What to work on ▸ Only the lines from the beginning of the material below through the line with "س: ... بعض التائبات" should be retyped exactly, and pictures are to be skipped.

Supplied information ▸

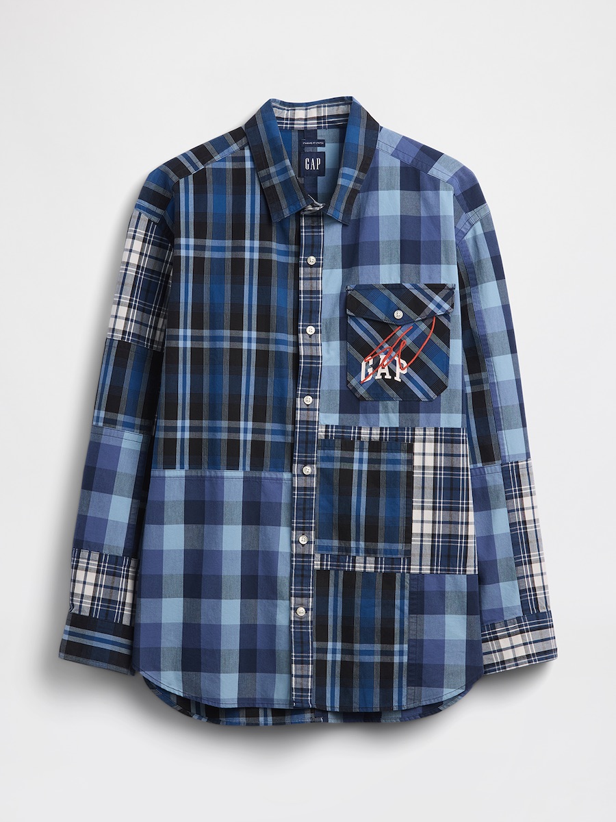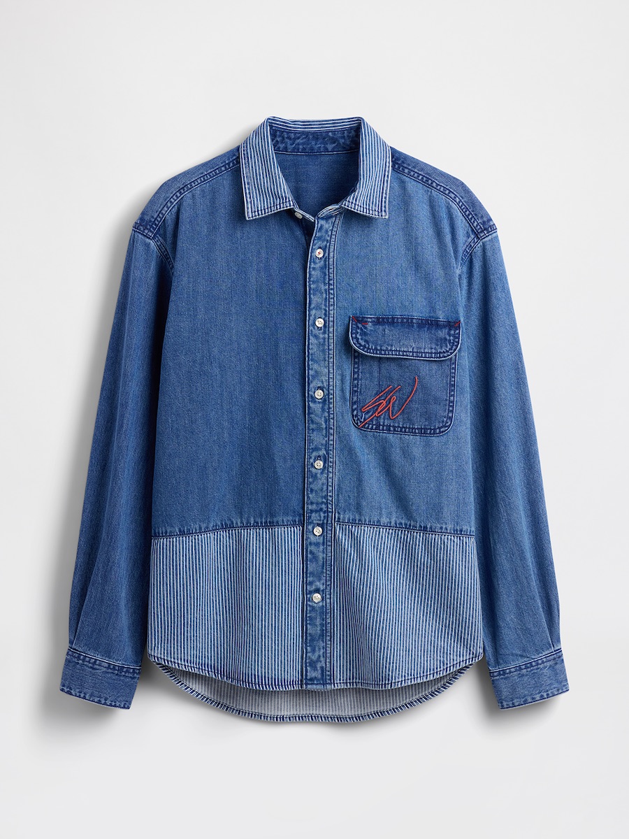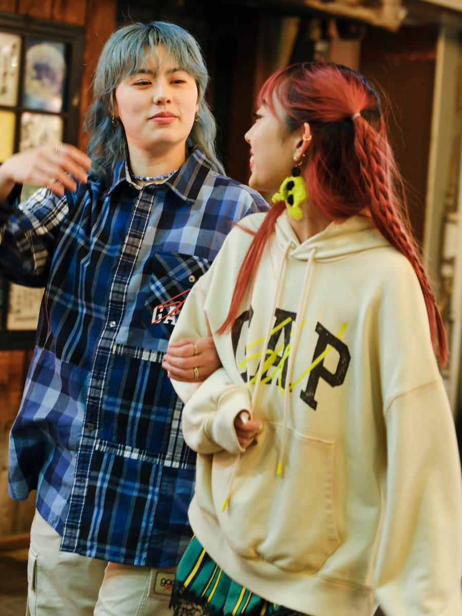 日本のクラフツマンシップの象徴であるデニムを中心に、1990年代後半〜2000年代初期のビンテージ「ギャップ」に着想したアイテム24点を用意した。「ギャップ」のアイコニックな商品をトレンドと現代的なシルエットを通し、ジェンダーレスなデザインでアップデートした。デニムシャツ(2万2900円)やカーゴバギーデニム(1万9900円)、アノラックパーカ(2万4900円)、バギー パッチワーク プレイドショートパンツ (1万4900円)、インディゴ パッチワーク クロップド T シャツ (1万2900円)などを含め、4990円〜2万4900円で展開する。
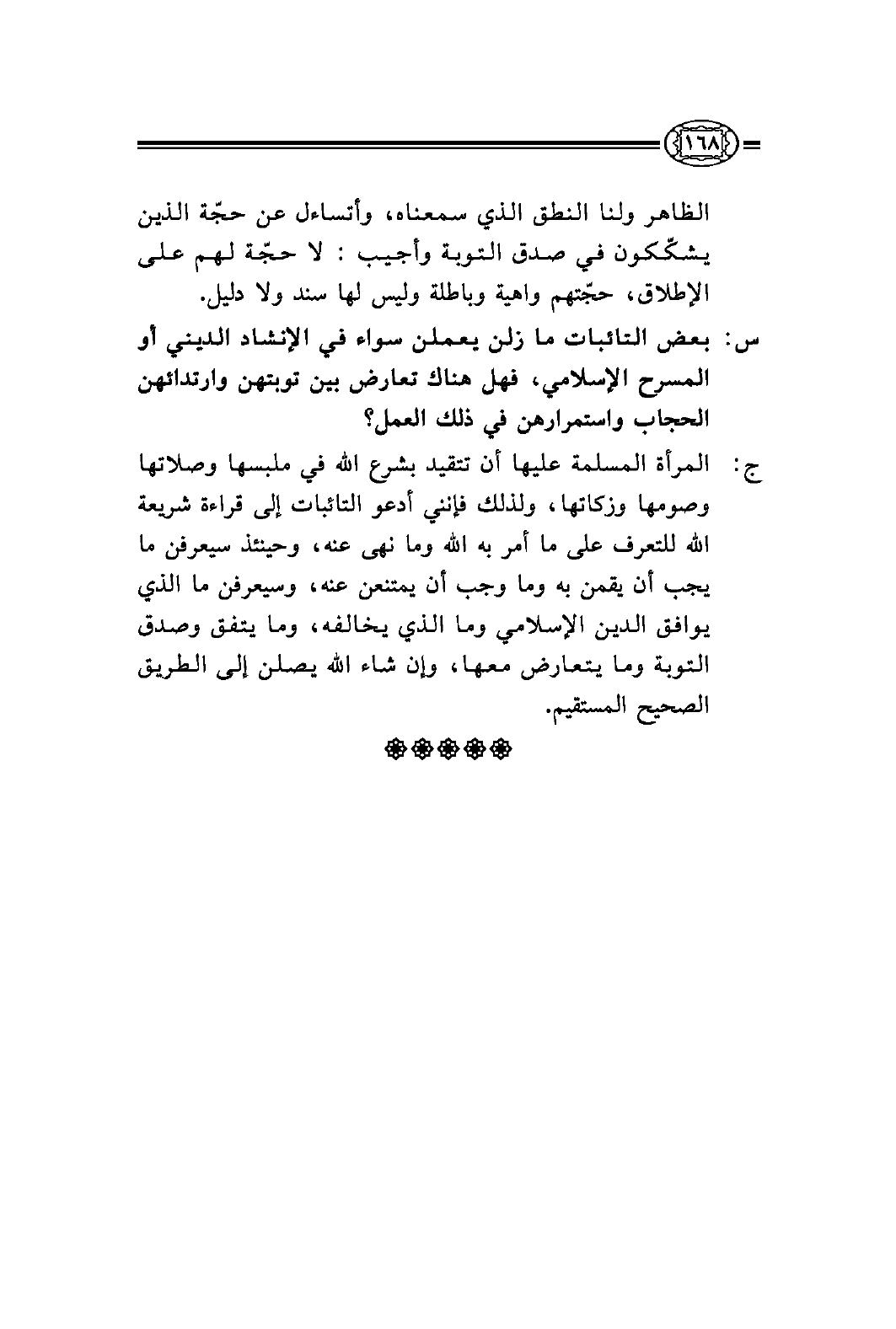 س: ... بعض التائبات ما زلن يعملن سواء في الإنشاد الديني أو المسرح الإسلامي، فهل هناك تعارض بين توبتهن وارتدائهن الحجاب واستمرارهن في ذلك العمل؟
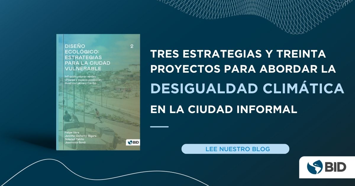 En 2021 el BID publicó Diseño Ecológico: estrategias para la ciudad vulnerable, una publicación que reconoce y cuantifica los desafíos de la ciudad informal frente al cambio climático. Es el primer volumen de una serie de publicaciones que presentan elementos de reflexión, datos e instrumentos operativos para aumentar la resiliencia de las ciudades de la región y sus asentamientos más vulnerables.
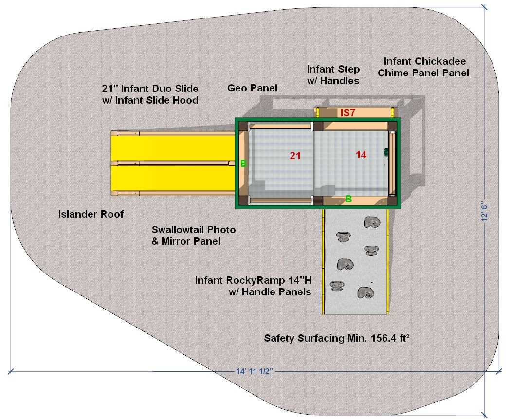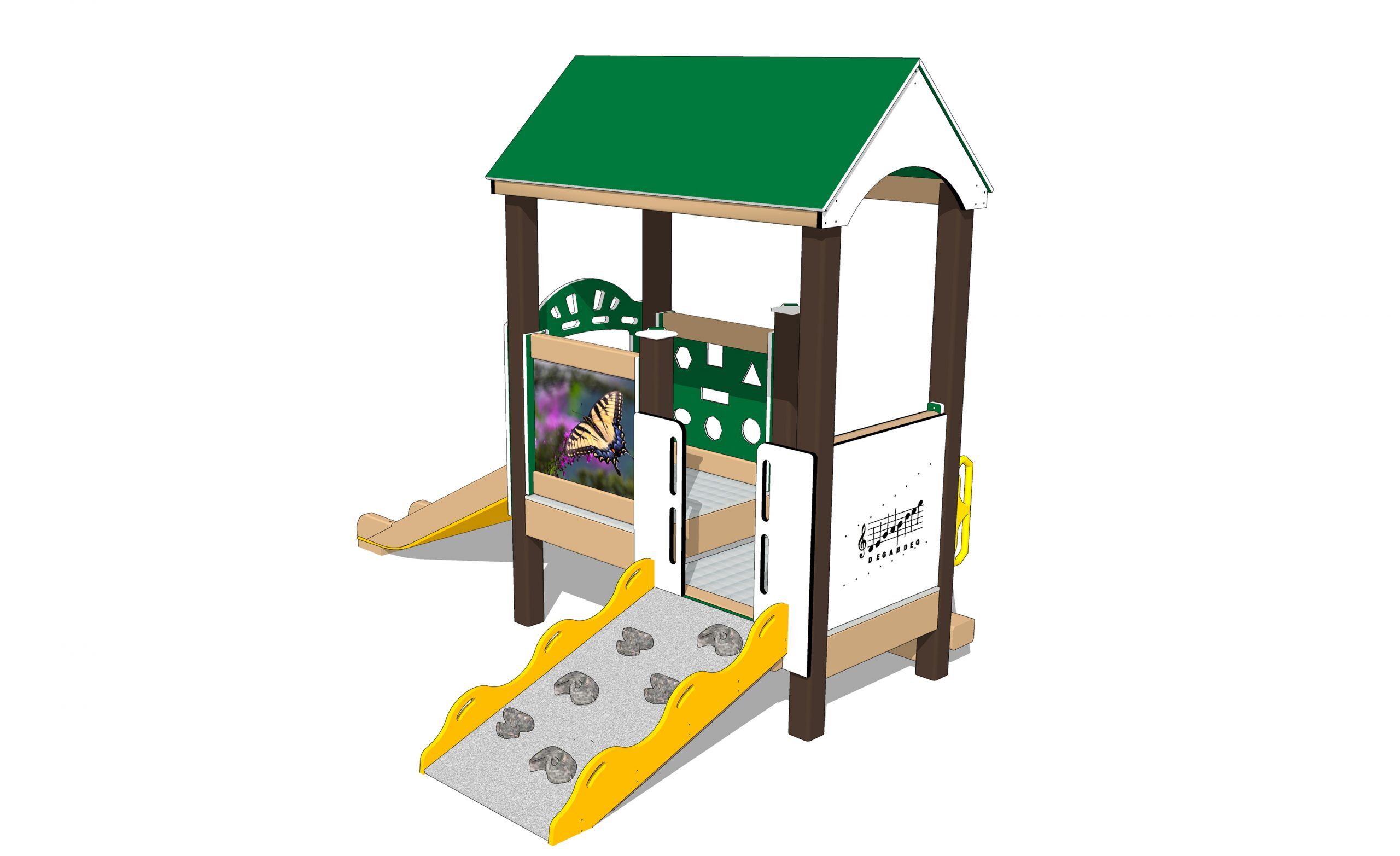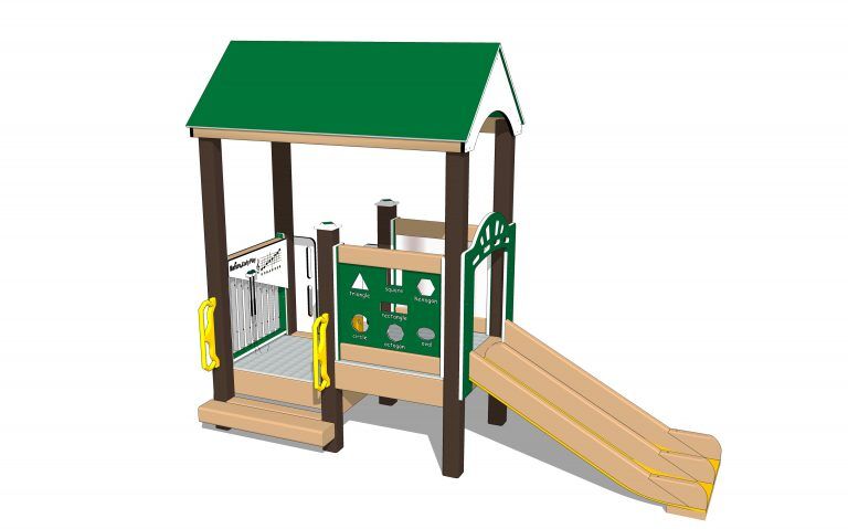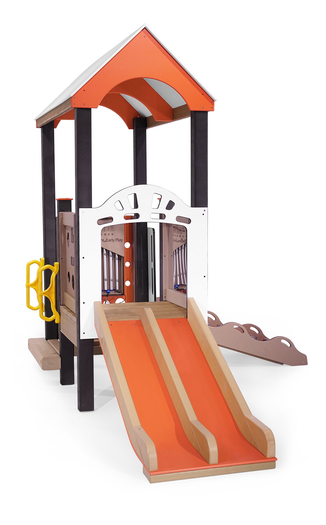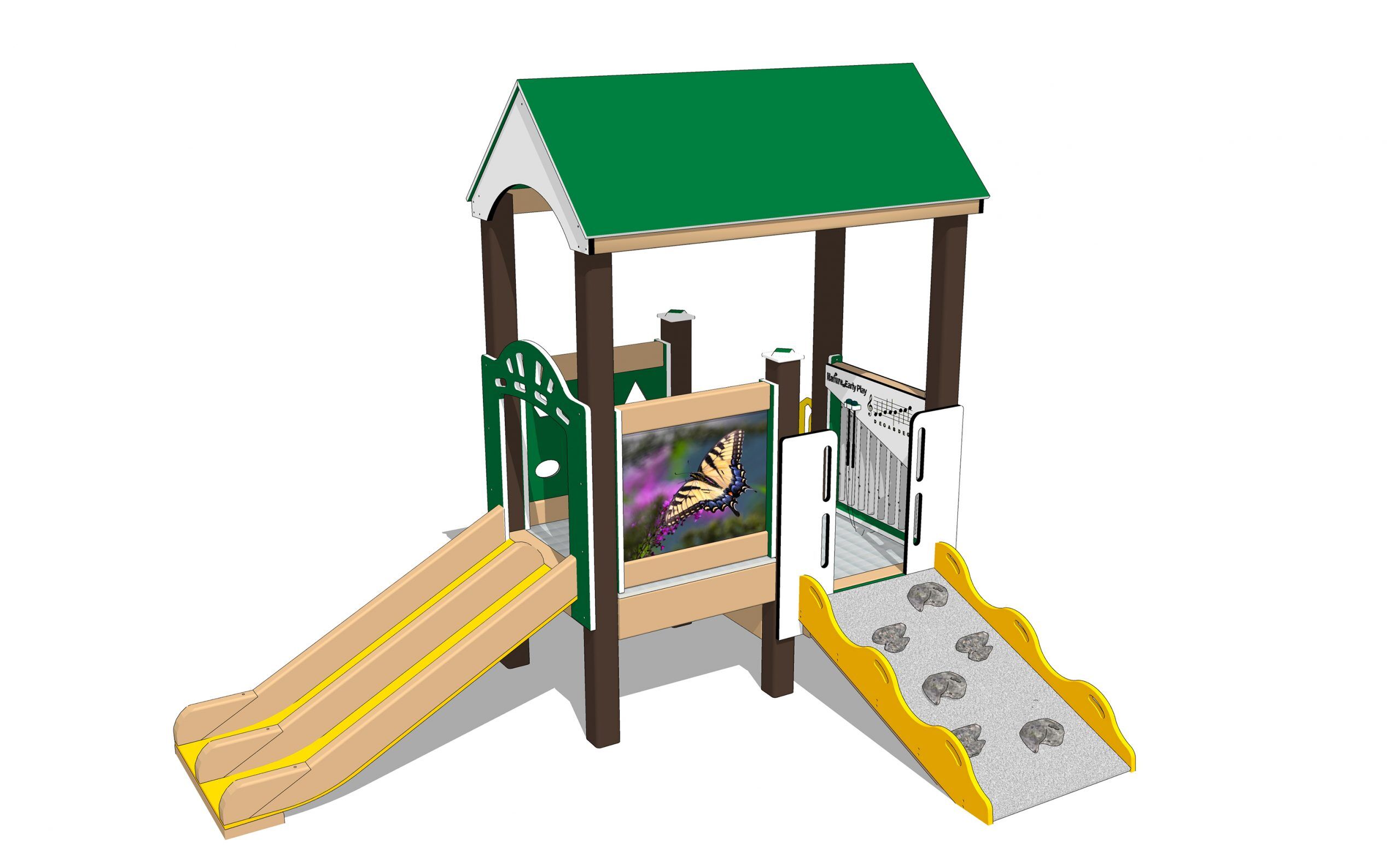 The Tiger Swallowtail infant and toddler playset is perfect for smaller children and smaller playgrounds. Babies will love the infant sized climbers, decks, slides and chime panel. Infants and toddlers will develop large and small muscles while climbing the Rocky Ramp and balance going down the infant slide.

Final answer ▸
 日本のクラフツマンシップの象徴であるデニムを中心に、1990年代後半〜2000年代初期のビンテージ「ギャップ」に着想したアイテム24点を用意した。「ギャップ」のアイコニックな商品をトレンドと現代的なシルエットを通し、ジェンダーレスなデザインでアップデートした。デニムシャツ(2万2900円)やカーゴバギーデニム(1万9900円)、アノラックパーカ(2万4900円)、バギー パッチワーク プレイドショートパンツ (1万4900円)、インディゴ パッチワーク クロップド T シャツ (1万2900円)などを含め、4990円〜2万4900円で展開する。
 س: ... بعض التائبات ما زلن يعملن سواء في الإنشاد الديني أو المسرح الإسلامي، فهل هناك تعارض بين توبتهن وارتدائهن الحجاب واستمرارهن في ذلك العمل؟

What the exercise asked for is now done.